┏━━

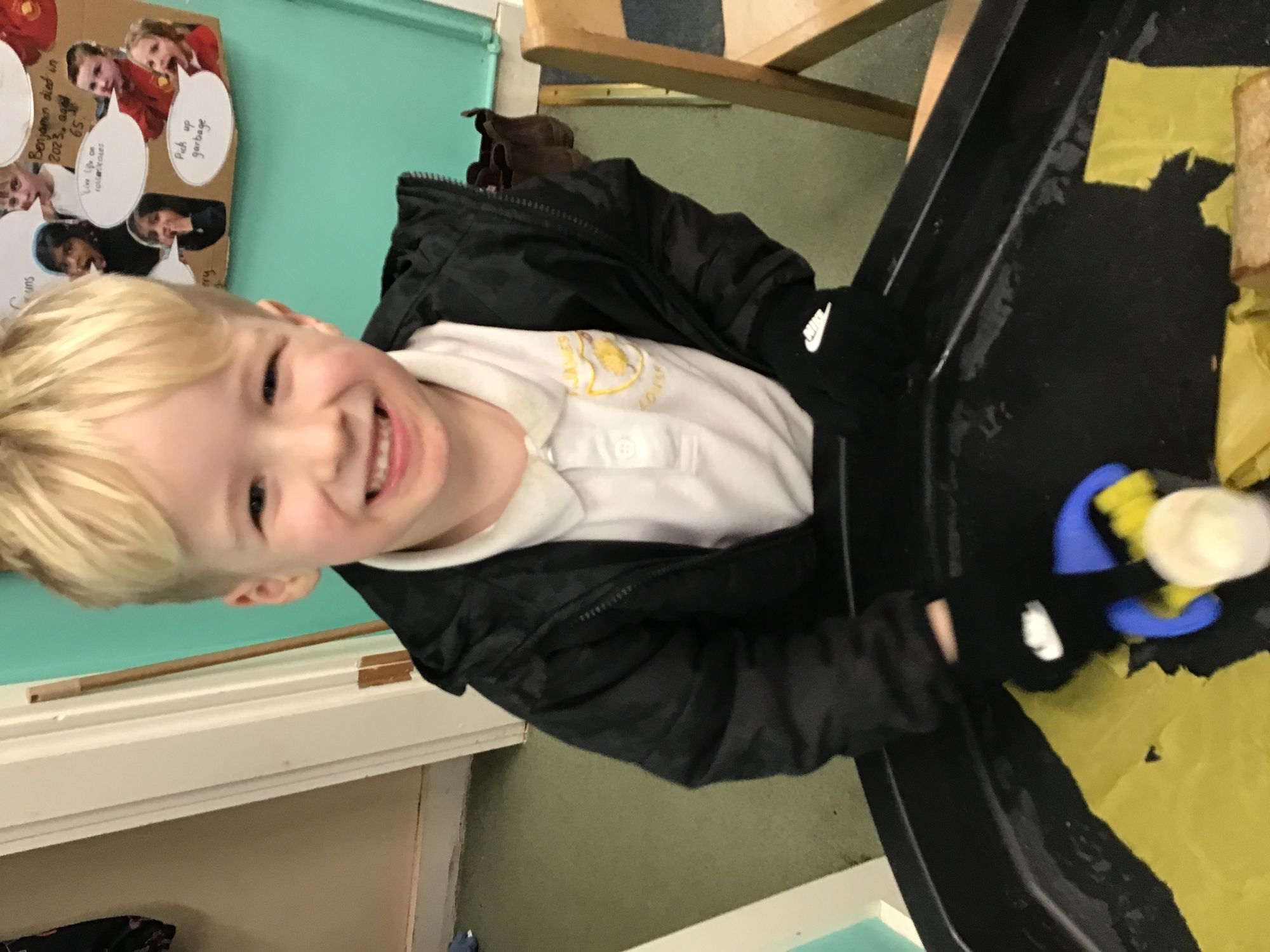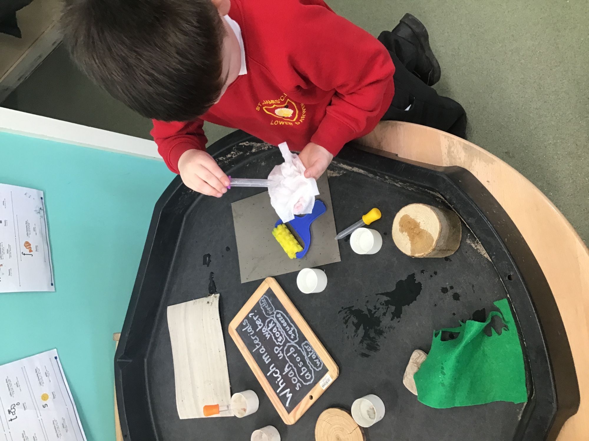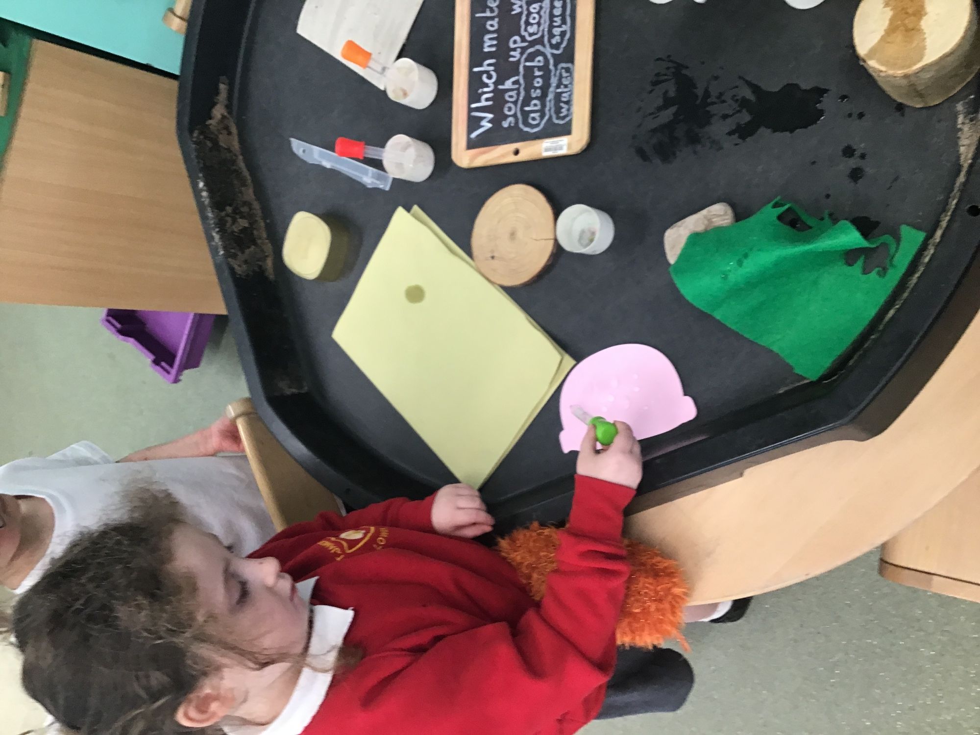 What a lovely week we have had in Reception. We have been continuing to write our own versions of Juniper Jupiter as well as practising writing CVC words. In phonics we have learned the sounds ‘ch’ and ‘sh’. We did a science experiment where we explored which materials absorbed water and which were waterproof. We used pipettes and water to squeeze droplets onto the materials and made careful observations. In maths we have looked at 6 and 7 as being ‘5 and a bit’ and used double dice frames to represent this. During play and learn, some of the children found some round stones which they decided were eggs and spent a long time working together to create a safe home for them in the sand area.
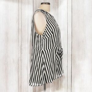 •This stylish sleeveless blouse features a classic black and white striped pattern and a flattering V-neckline.
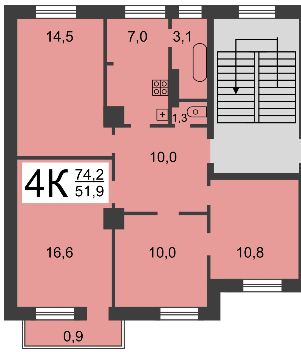 Общая площадь 74.2 м2
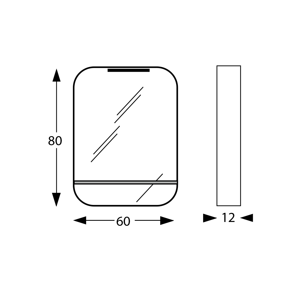Deze rechthoekige spiegel met afgeronde hoeken is een ware triomf van modern design. Het metalen frame is een gedurfd statement van elegantie en stijl , terwijl de geïntegreerde glazen plank een vleugje verfijnde functionaliteit toevoegt.
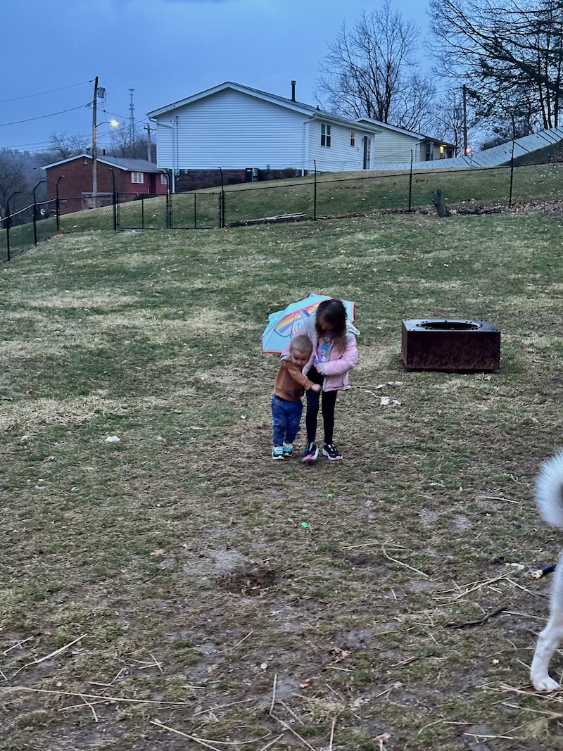 He’s also loving his big sis. These two play and play and I love to see it! One night, we had windy weather and they were out in the yard braving the elements and playing some sort of game with Sadie’s umbrella. So cute!
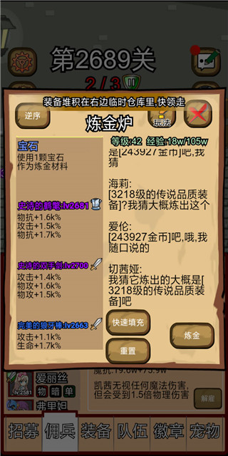 装备:基本靠炼金,最好就是刷宠物顺便刷炼金,不然层数太高装备买不起。两个同等级和两个低一等级的可以合成高一级装备,四个相同位置的装备可以合成同一种装备,不同种装备炼金出的种类随机,似乎饰品类概率最好,补给类似乎概率为零,所以补给类只能四个补给类合成
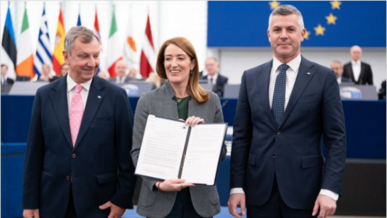 Image source: EP President Roberta Metsola signed the 2026 EU budget into law, following its adoption in the Strasbourg hemicycle © European Union, 2025
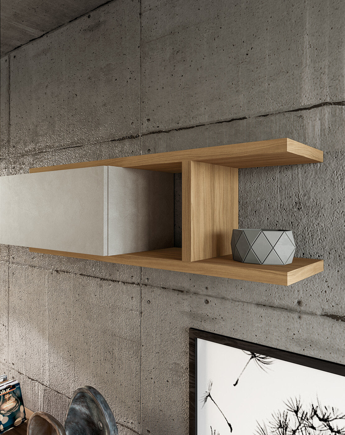 Minimalist lines decorated with unusually cut shelves create a modern living area with a zen-vibe design.
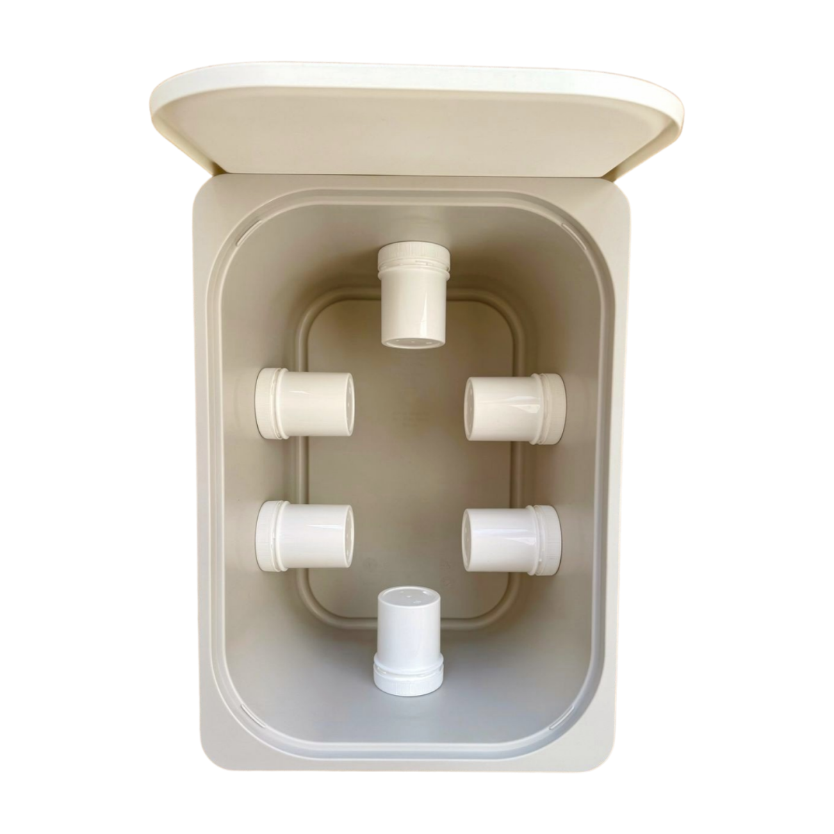 die Box hat innen 6 dicht abgetrennte Segmente (Kunststoffschraubdosen)

┗━━

# [Prompt]
Begin at the line containing "Image source: EP" and stop at the last line of the data. Repeat only those lines, exactly, and leave out the pictures.

# [Completed task]
 Image source: EP President Roberta Metsola signed the 2026 EU budget into law, following its adoption in the Strasbourg hemicycle © European Union, 2025
 Minimalist lines decorated with unusually cut shelves create a modern living area with a zen-vibe design.
 die Box hat innen 6 dicht abgetrennte Segmente (Kunststoffschraubdosen)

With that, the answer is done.